The seventh chapter of the Lieh Tzu–a lesser-known source for Taoism than the Tao Te Ching–underwent a 1912 English translation by Anton Forke, who titled it Yang Chu’s Garden of Pleasure, and divided it into 19 short chapters. Some of the themes mirror Epicurean teachings to the point of being near-identical parallel doctrines. One example is in their joint rejection of fame and of traditional virtue as taught by other schools. The following passage reminds us of Polystratus’ indictment of blind pursuit of virtue without the study of nature.

CHAPTER V: FALSE VIRTUES

YANG CHU said: Po Yi was not without desire, for being too proud of his purity of mind, he was led to death by starvation. Chan-Chi was not passionless, for being too proud of his virtue he happened to reduce his family. Those who in pursuit of purity and virtue do good in a false way resemble these men.

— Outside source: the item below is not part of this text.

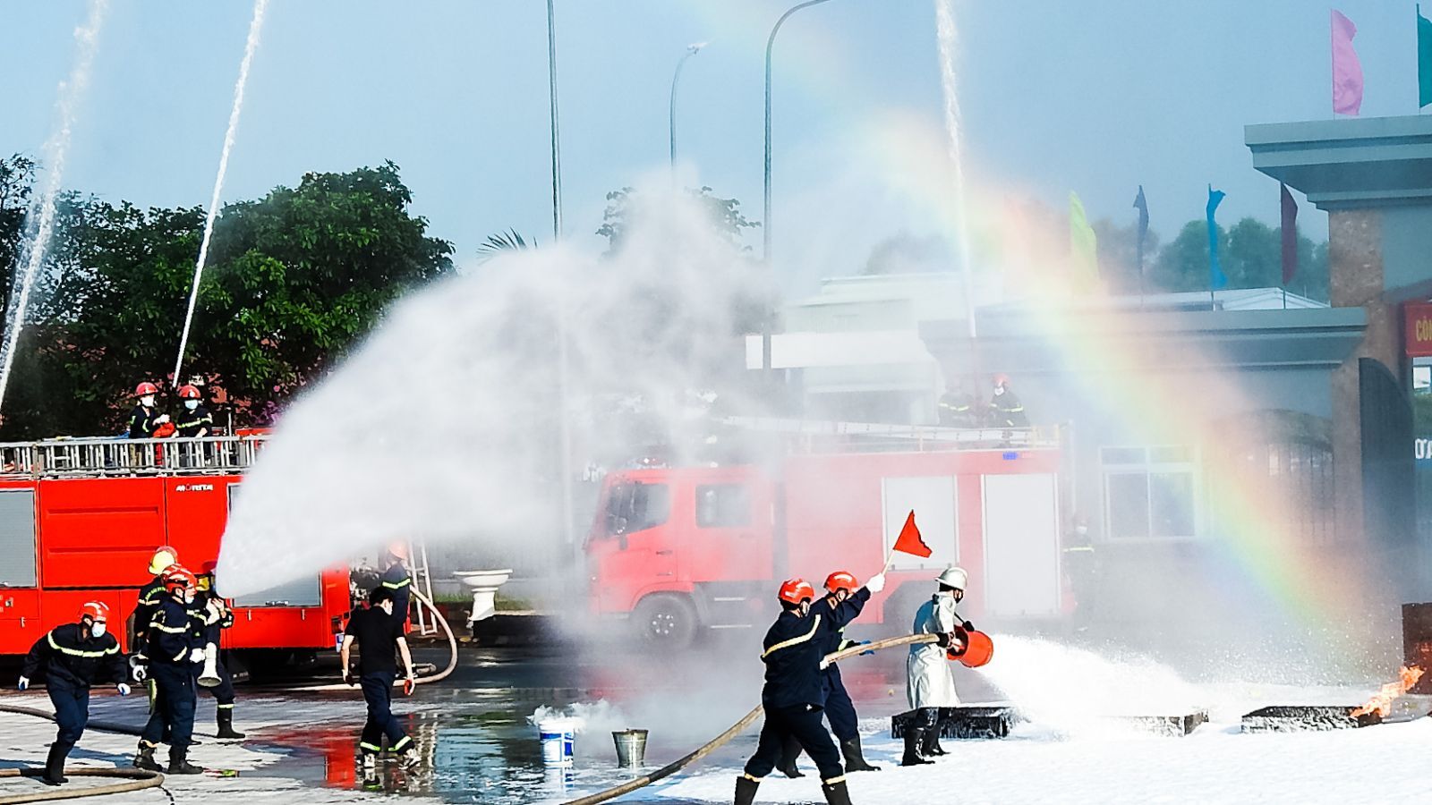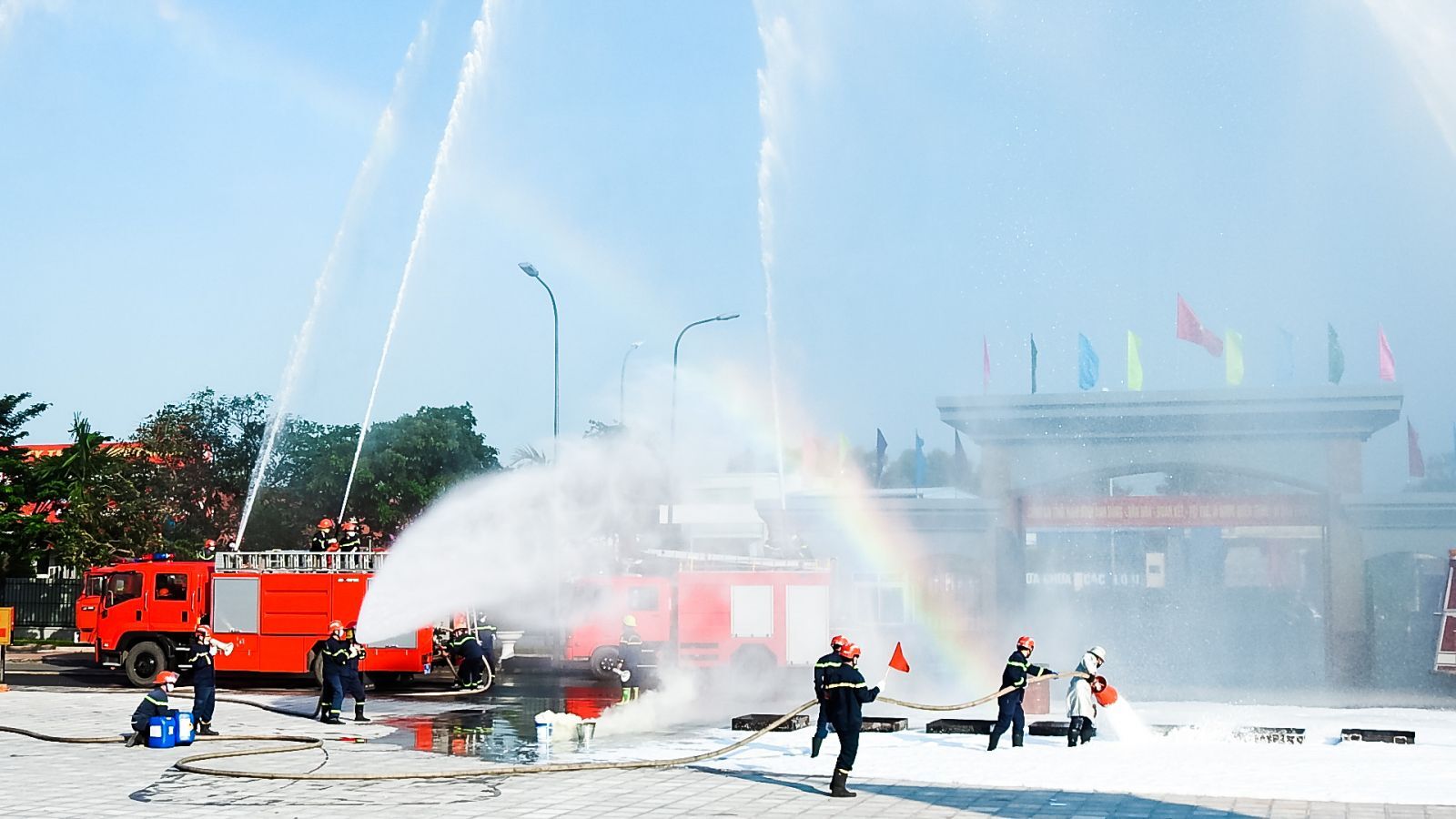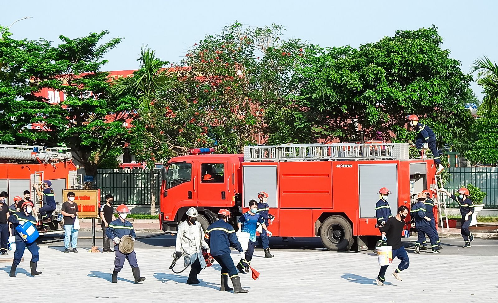 Nhiều xe chữa cháy hiện đại đồng loạt phun nước, nhanh chóng dập tắt đám cháy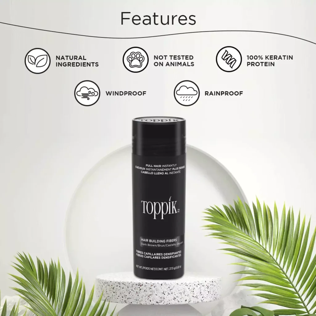 Toppik Kirşanı başınızda keçəlləşmiş və ya seyrelmiş yerləri dərhal doldurur. İstifadə sonrası saçlarınızda əsla hiss edilmir və küləyə, yağışa və tərə davamlıdır;

As did the ancient Cyrenaics, Yang Chu’s philosophizing took the body as the starting point. For instance, Yang Chu articulates a defense of non-violence as an ethical principle and a rejection of brute force, argued from the perspective of human nature (chapter 16): since humans lack fangs, claws, and other natural defenses, man therefore must live by his wisdom. We find here a Taoist-libertarian theory of non-aggression (whose political, societal, and practical repercussions are many) rooted in the study of nature. Although the body is at the root of Chu’s intellectual life, the end result still constitutes an embodied and practical wisdom and philosophy that goes well beyond merely entertaining the seductions of the senses, which is how hedonists are typically stereotyped.

We also find a passage somewhat reminiscent of Jesus’ Gospels when the philosopher is arguing that we must not treat the dead as we do the living, which was a common superstition of his day.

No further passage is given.